Kisah Usahawan Aceh yang Bangkit Setelah Bencana Satu Dekade Silam

By , Selasa, 23 Desember 2014 | 11:08 WIB

Di sebuah bangunan seluas 1.000-an meter persegi, Nelly Nurila mengelola usaha pabrik roti Nusa Indah dengan bantuan 70 orang pegawai.

Nelly adalah salah seorang pengusaha kecil yang berhasil bangkit kembali setelah tsunami menghancurkan usahanya 10 tahun silam.

“Satu-satunya barang yang selamat adalah mixer besi pengaduk adonan dan itu pun nyaris saya jual untuk kebutuhan hidup,” kata Nelly kepada Pinta Karana di pabrik rotinya.

Namun ia membatalkan niat itu atas saran suaminya yang yakin bahwa mixer tersebut bisa menjadi bukti untuk mendapat bantuan usaha dari sejumlah lembaga swadaya masyarakat (LSM) yang banyak datang ke Aceh.

“Omongan suami terbukti waktu ada tim dari Bogasari yang ingin membantu usaha usaha roti dan kue, saya tunjukkan mixer itu dan mereka memasukkan saya ke dalam program,” kata Nelly.

Dampak bantuan

Ia juga mendapat bantuan dari sejumlah LSM lain seperti Terre des Hommes dan CARE. Perlahan, Nelly pun mengumpulkan modal untuk membeli alat-alat yang dibutuhkan seperti oven dan Loyang.

“Tahun 2007, saya akhirnya bisa mengumpulkan uang untuk membeli tanah 400 meter dan bangun pabrik kecil dengan enam pegawai,” katanya lagi. Enam pegawai itu kini telah bertambah menjadi 70 orang dan memproduksi 60.000 potong roti setiap harinya.

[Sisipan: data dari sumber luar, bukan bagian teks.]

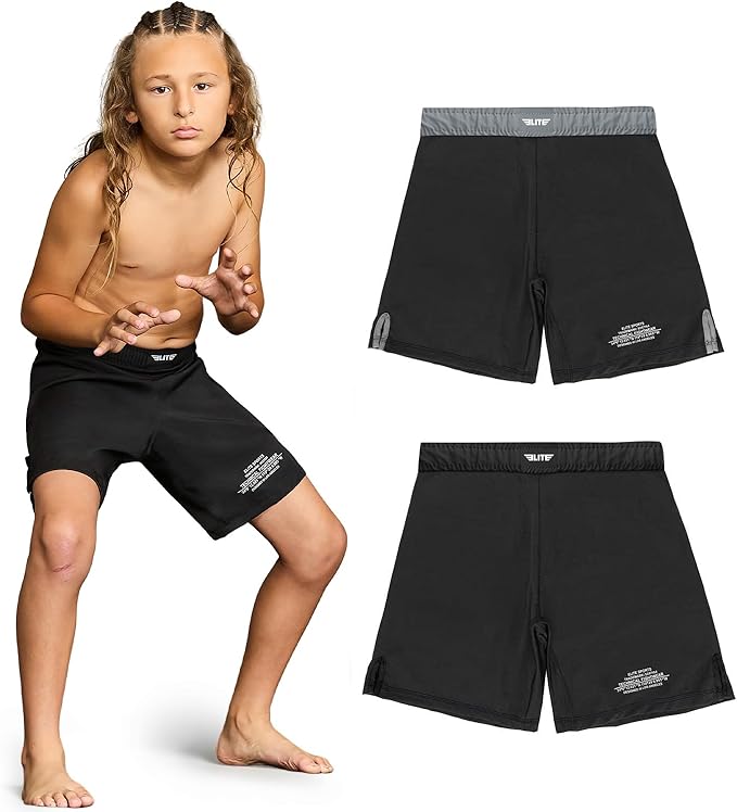 - ✅[DURABLE ELASTIC WAISTBAND & DRAWSTRING CLOSURE] – The Elite kids juijitsu shorts have sturdy elastic kid shorts no gi waistband that keeps kids Jiu Jitsu board shorts in place during training and fights so you can move freely without worrying about your youth MMA shorts falling during the match or sparring. These BJJ shorts for girls & boys with drawstring closure offer the flexibility required for dynamic movements of BJJ. The youth no gi shorts drawstring allows you to adjust the shorts.

Namun kisah Nelly tidak serta merta dialami oleh pelaku usaha kecil lainnya. Sebut saja Bakhtiar, seorang penjahit yang kehilangan mata pencahariannya.

“Saya tidak pernah mendapatkan bantuan apa pun,” kata Bakhtiar yang membuka kios jahit di Kabupaten Aceh Besar dengan pendapatan Rp70.000/ per hari.

Dampak bantuan rehabilitasi pascatsunami yang kebanyakan berupa uang tunai dan penyediaan rumah oleh peneliti dari Tsunami and Disaster Mitigation Response (TDMR) dinilai tidak membawa efek positif jangka panjang.

“Di jangka pendek memang baik, karena memberi warga modal sehingga mereka bisa kembali ke kampung dan membangun hidupnya lagi… Tapi dampaknya sekarang, kemudian melahirkan masyarakat yang terbiasa meminta upah, kerja sedikit harus ada upah, pelatihan yang menguntungkan mereka sendiri minta upah,” kata Dr. Safrida dari Universitas Syiah Kuala.

Pemerintah provinsi dan tim akademisi dari TDMR mengajarkan, menurut Safrida, berusaha memberikan nilai-nilai moral dan etika untuk mengikis kebiasaan tersebut.